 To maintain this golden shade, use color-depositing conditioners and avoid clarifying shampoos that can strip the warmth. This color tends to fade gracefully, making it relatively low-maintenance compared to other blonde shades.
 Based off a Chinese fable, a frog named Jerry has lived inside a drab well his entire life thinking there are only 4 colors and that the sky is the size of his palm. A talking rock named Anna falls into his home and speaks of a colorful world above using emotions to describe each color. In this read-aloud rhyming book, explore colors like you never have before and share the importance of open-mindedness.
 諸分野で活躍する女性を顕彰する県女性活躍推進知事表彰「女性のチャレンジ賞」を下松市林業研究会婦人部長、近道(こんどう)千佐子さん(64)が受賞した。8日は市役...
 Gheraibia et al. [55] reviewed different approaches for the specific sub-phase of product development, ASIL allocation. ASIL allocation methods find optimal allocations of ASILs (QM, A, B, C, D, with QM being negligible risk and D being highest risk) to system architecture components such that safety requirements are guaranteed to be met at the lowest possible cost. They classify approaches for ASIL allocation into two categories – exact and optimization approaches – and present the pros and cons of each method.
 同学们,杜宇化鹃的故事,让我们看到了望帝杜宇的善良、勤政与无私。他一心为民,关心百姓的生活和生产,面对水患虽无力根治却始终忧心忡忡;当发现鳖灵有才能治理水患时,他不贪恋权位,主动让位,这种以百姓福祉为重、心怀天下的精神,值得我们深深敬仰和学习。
--*--
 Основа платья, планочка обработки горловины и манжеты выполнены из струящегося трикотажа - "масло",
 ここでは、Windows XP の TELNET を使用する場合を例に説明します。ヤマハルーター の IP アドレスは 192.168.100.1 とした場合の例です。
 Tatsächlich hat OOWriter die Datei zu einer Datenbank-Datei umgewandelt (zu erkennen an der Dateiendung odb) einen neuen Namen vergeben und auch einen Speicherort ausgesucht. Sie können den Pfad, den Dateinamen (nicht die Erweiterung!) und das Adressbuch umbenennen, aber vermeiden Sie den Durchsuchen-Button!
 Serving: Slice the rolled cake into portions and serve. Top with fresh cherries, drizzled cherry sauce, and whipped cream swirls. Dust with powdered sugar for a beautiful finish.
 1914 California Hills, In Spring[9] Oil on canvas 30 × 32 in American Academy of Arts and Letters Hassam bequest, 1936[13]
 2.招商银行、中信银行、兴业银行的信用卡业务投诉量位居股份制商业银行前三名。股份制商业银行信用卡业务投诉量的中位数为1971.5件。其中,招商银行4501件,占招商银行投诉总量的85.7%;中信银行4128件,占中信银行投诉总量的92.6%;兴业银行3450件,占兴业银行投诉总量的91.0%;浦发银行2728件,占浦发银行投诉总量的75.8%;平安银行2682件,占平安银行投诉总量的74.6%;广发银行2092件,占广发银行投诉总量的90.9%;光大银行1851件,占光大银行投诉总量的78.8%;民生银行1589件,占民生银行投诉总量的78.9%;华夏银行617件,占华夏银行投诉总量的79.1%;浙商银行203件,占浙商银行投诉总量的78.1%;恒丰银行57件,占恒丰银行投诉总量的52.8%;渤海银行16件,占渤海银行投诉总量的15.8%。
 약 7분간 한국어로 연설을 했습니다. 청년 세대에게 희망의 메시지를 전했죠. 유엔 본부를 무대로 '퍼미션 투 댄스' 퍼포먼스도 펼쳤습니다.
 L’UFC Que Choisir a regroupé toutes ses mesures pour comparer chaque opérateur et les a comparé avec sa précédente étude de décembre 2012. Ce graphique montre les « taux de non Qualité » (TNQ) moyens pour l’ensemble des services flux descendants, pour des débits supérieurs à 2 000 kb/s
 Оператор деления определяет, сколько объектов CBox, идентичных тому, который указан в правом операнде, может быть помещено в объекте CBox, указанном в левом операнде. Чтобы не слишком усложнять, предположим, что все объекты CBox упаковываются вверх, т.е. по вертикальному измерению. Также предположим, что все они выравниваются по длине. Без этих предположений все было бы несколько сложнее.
--*--
Take the lines above from the one containing "L’UFC Que Choisir" down to the one containing "Оператор деления определяет, сколько", and transcribe them exactly, both ends included.

 L’UFC Que Choisir a regroupé toutes ses mesures pour comparer chaque opérateur et les a comparé avec sa précédente étude de décembre 2012. Ce graphique montre les « taux de non Qualité » (TNQ) moyens pour l’ensemble des services flux descendants, pour des débits supérieurs à 2 000 kb/s
 Оператор деления определяет, сколько объектов CBox, идентичных тому, который указан в правом операнде, может быть помещено в объекте CBox, указанном в левом операнде. Чтобы не слишком усложнять, предположим, что все объекты CBox упаковываются вверх, т.е. по вертикальному измерению. Также предположим, что все они выравниваются по длине. Без этих предположений все было бы несколько сложнее.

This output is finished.